Minnesota is the first state to codify the PCI requirement into law. According to the text of the bill, a company is in violation of the law if it or its service provider stores the prohibited data once a transaction is completed. In the case of personal identification number debit transactions, the PIN block data can't be stored beyond 48 hours after the transaction has been completed.

The law is important because the greatest risk to card holder data comes from the continued practice by some retailers of storing this information on their systems, said Mara Humphrey, director of governmental affairs at the Minnesota Credit Union Network (MnCUN), one of the major backers of the law.

"PCI rules make it explicitly clear that you are not supposed to be storing it," Humphrey said.
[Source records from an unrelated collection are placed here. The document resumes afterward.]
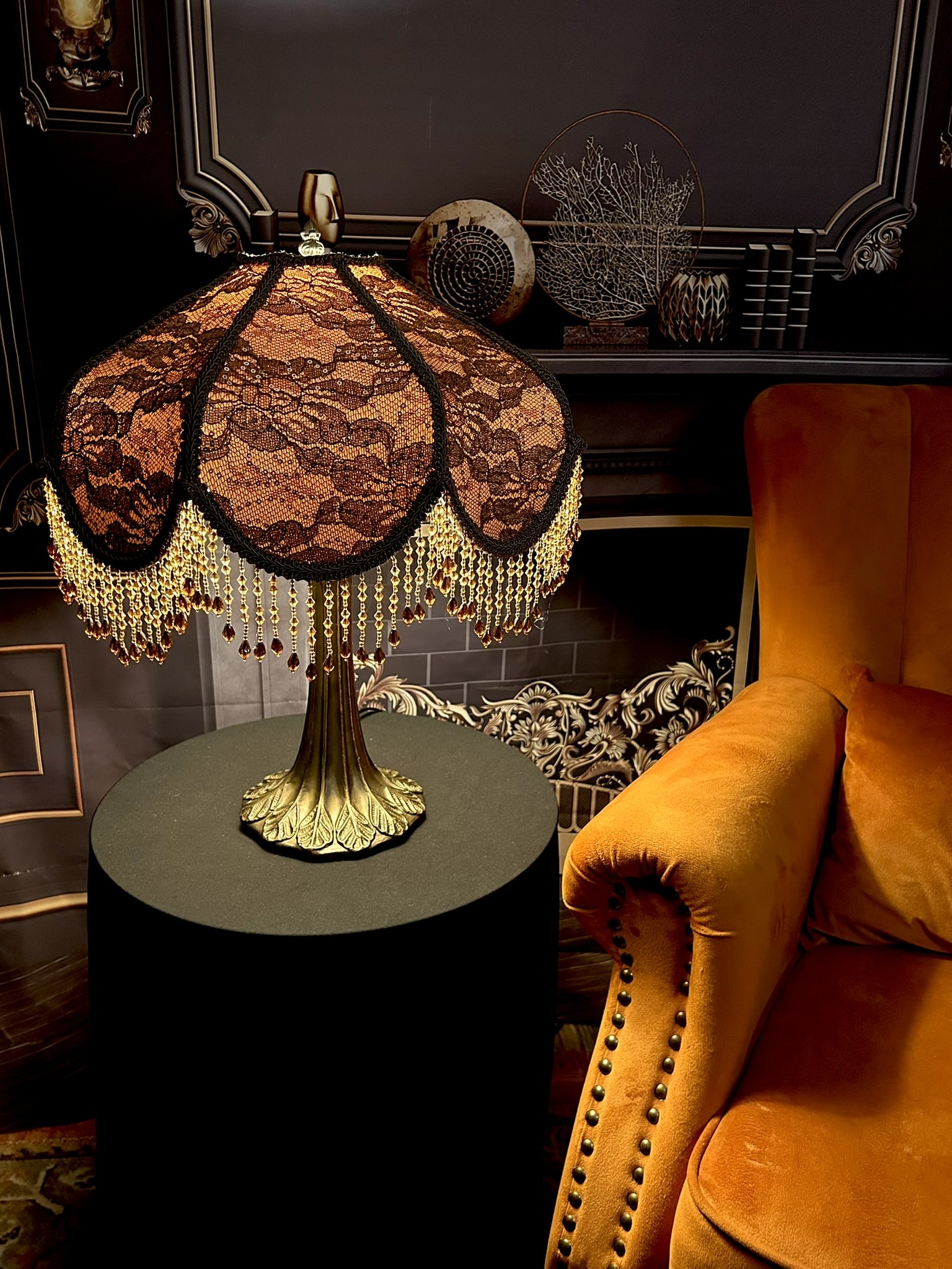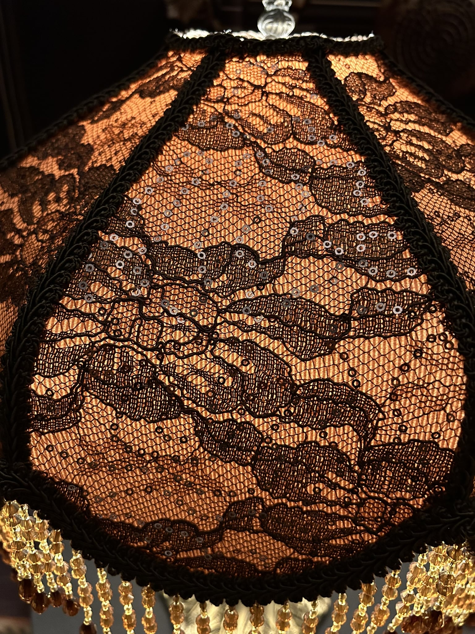 The Chocolate Lace Lampshade captures the timeless glamour of the 19th century with its chocolate-toned fabric delicately covered in brown lace embellished with subtle sequins that shimmer softly when illuminated. A cascading fringe of amber and gold beads enhances the design, reflecting light with graceful movement and creating a soothing golden glow.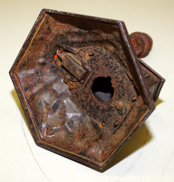 10.5" long, original paint is about 40%, I'm told this is a nickel bank, once $5 is deposited, it will open, large & impressive bank
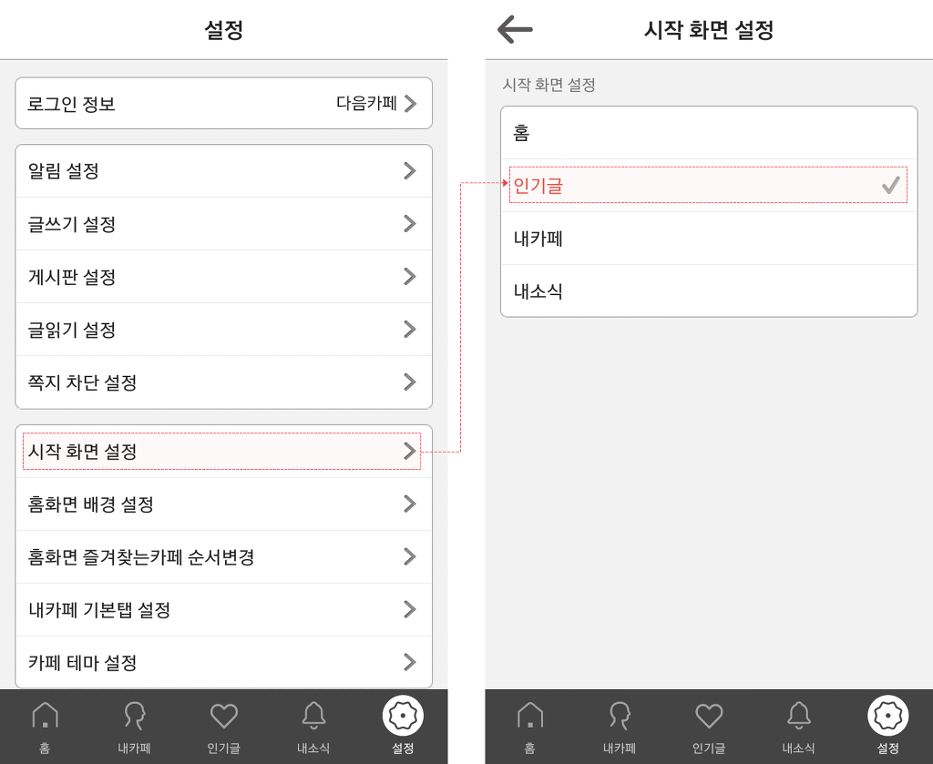 카페앱 탭바 설정-> 시작화면 설정 -> 인기글 선택
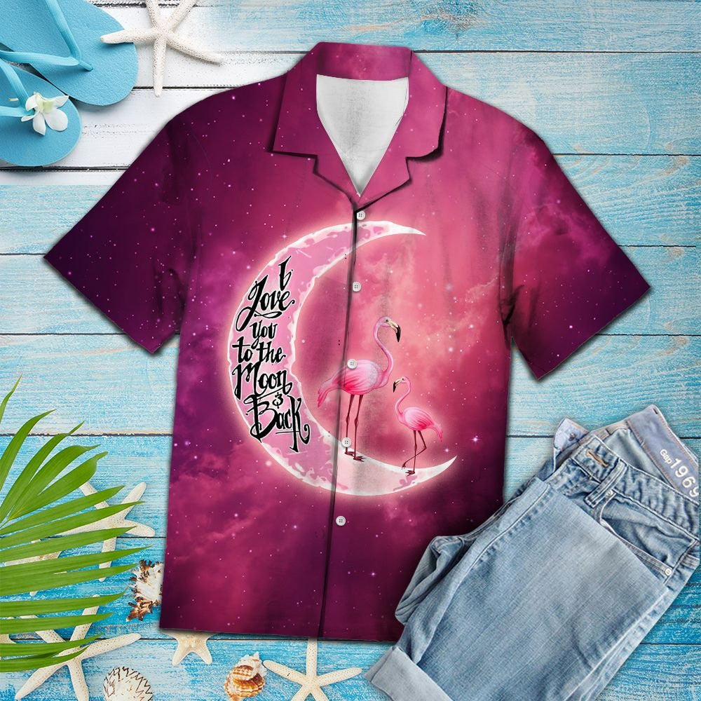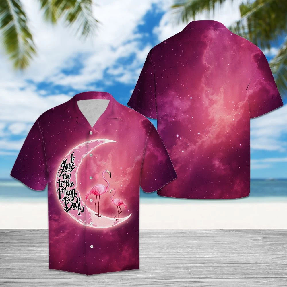 Flamingo ina sheasamh ar an gCorrán Gealach Léine Bándearg Stardust Sky Haváís, Bronntanas Léine Haváís, Bronntanas Nollag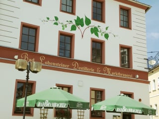 Unser Hotel steht am Marktplatz von Bad Lobenstein, in verkehrsberuhigter Lage. Hier laden die umstehenden Sitzgelegenheiten zum verweilen ein. Sie haben Blick auf den Bad Lobensteiner "Hundebrunnen" und auf den "Lommesteener Fäßleseecher", der im gegenüberliegenden Rathaus zuhause ist. Von unserem Marktplatz aus erreichen Sie in nur wenigen Minuten verschiedene Restaurants, Einkaufsmöglichkeiten, Banken und eine Apotheke. Nicht weit entfernt lädt unser Stadtpark zum kleinen Spaziergang oder für die Kleinen auf dem gepflegtem Spielplatz zum Austoben ein.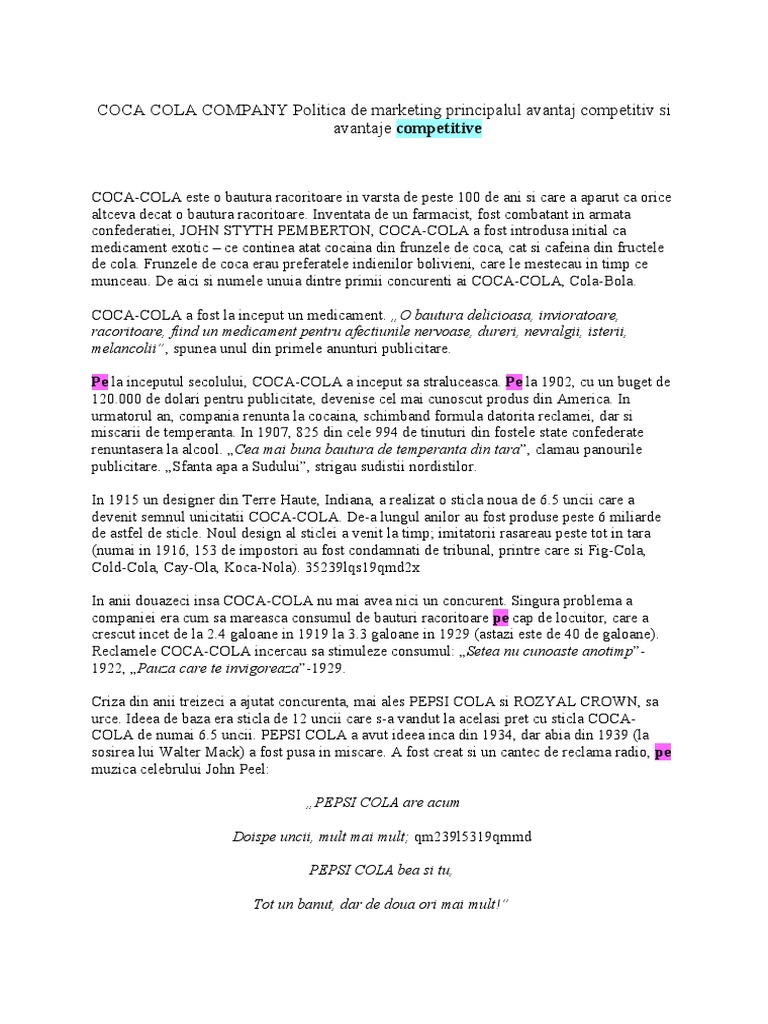 Coca Cola Company Politica De Marketing Principalul Avantaj Competitiv Si Avantaje Competitive

The law formally reinforces that requirement for merchants, she said.

MnCUN's interest in getting the law passed was driven by the increasing costs to its nearly 160 credit union members in the state as a result of merchant data breaches, she said. "We have been hearing from credit unions who were very frustrated with the number of data breaches and the number of times they've had to reissue cards," Humphrey said. "They're frustrated that the onus has entirely been on them and not on the merchant."

The Minnesota bill is similar to one that was proposed in Texas recently. That bill passed 139-0 in the state's House of Representatives in early May but failed to make it through the Texas Senate because of a lack of time. The bill went into the state Senate's Business and Commerce Committee on the last day the committee met last week.

If it had become law, the measure would have set PCI requirements that merchants would have had to comply with. As with the Minnesota law, Texas HB 3222 would have held breached entities financially liable to credit unions and banks for the costs associated with a data loss. It would have also provided a safe harbor against such liability for companies that complied with PCI requirements at the time of their getting breached.

"We needed about two more weeks to address concerns" related to the bill in the Senate, said Winter Prosapio, communications director at the Texas Credit Union League, one of the biggest supporters of the measure. "We did not have that opportunity. We got into the Senate without having the time to go through the bill and explain how PCI works," she said.

Looking ahead, the Texas Credit Union League will continue to lobby for passage of similar laws at the national level, Prosapio said. "With every breach, there's an increased urgency at the federal level to make sure that merchants are adhering to their agreements" under PCI, she said.